EXERCISE INPUTS section start

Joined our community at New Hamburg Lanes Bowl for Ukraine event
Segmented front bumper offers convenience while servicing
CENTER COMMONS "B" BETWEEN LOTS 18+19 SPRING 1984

EXERCISE INPUTS section end
EXERCISE INPUTS section start

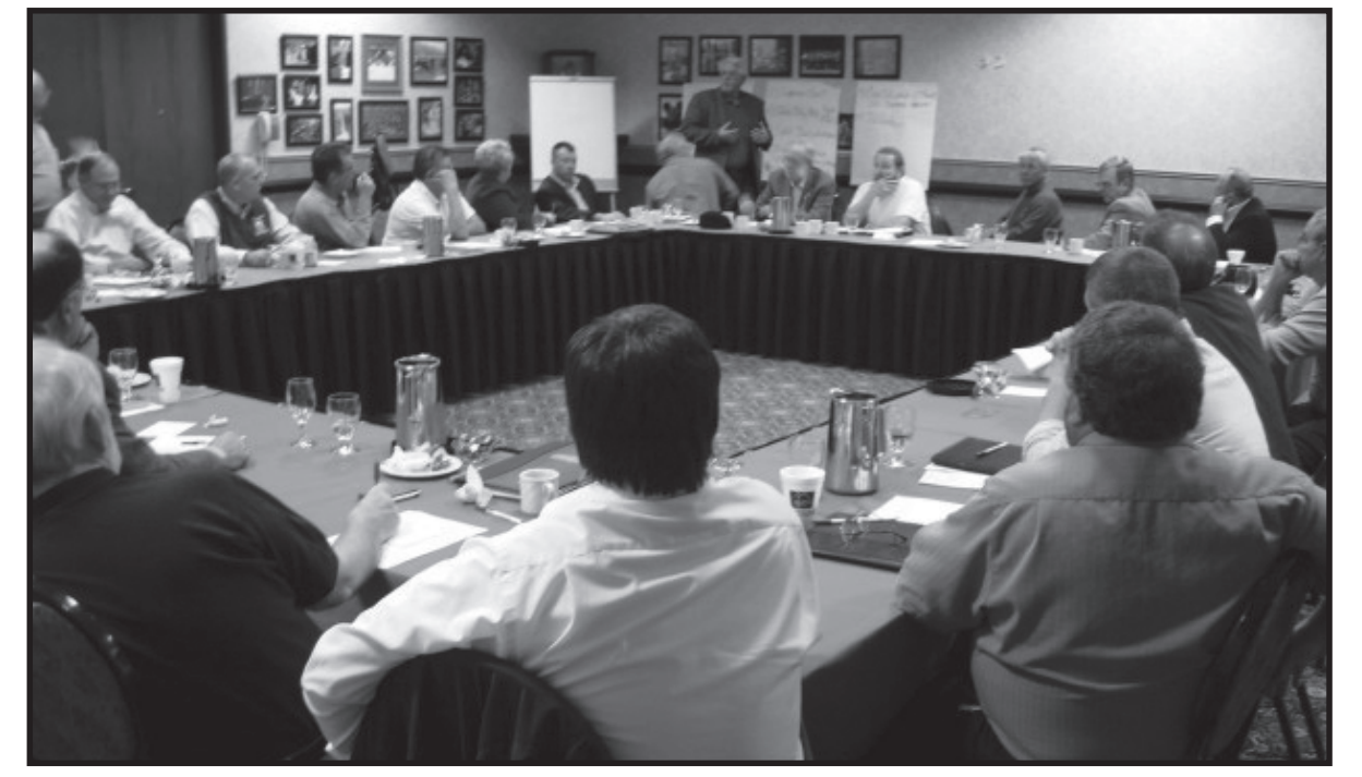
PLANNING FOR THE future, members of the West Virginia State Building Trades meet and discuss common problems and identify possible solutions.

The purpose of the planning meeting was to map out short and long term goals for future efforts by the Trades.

EXERCISE INPUTS section end

THE PROBLEM =
Copy out, exactly and alone, the lines of the entries above between the ones holding "Joined our community" and "18+19 SPRING 1984", inclusive.

WRITTEN SOLUTION =
Joined our community at New Hamburg Lanes Bowl for Ukraine event
Segmented front bumper offers convenience while servicing
CENTER COMMONS "B" BETWEEN LOTS 18+19 SPRING 1984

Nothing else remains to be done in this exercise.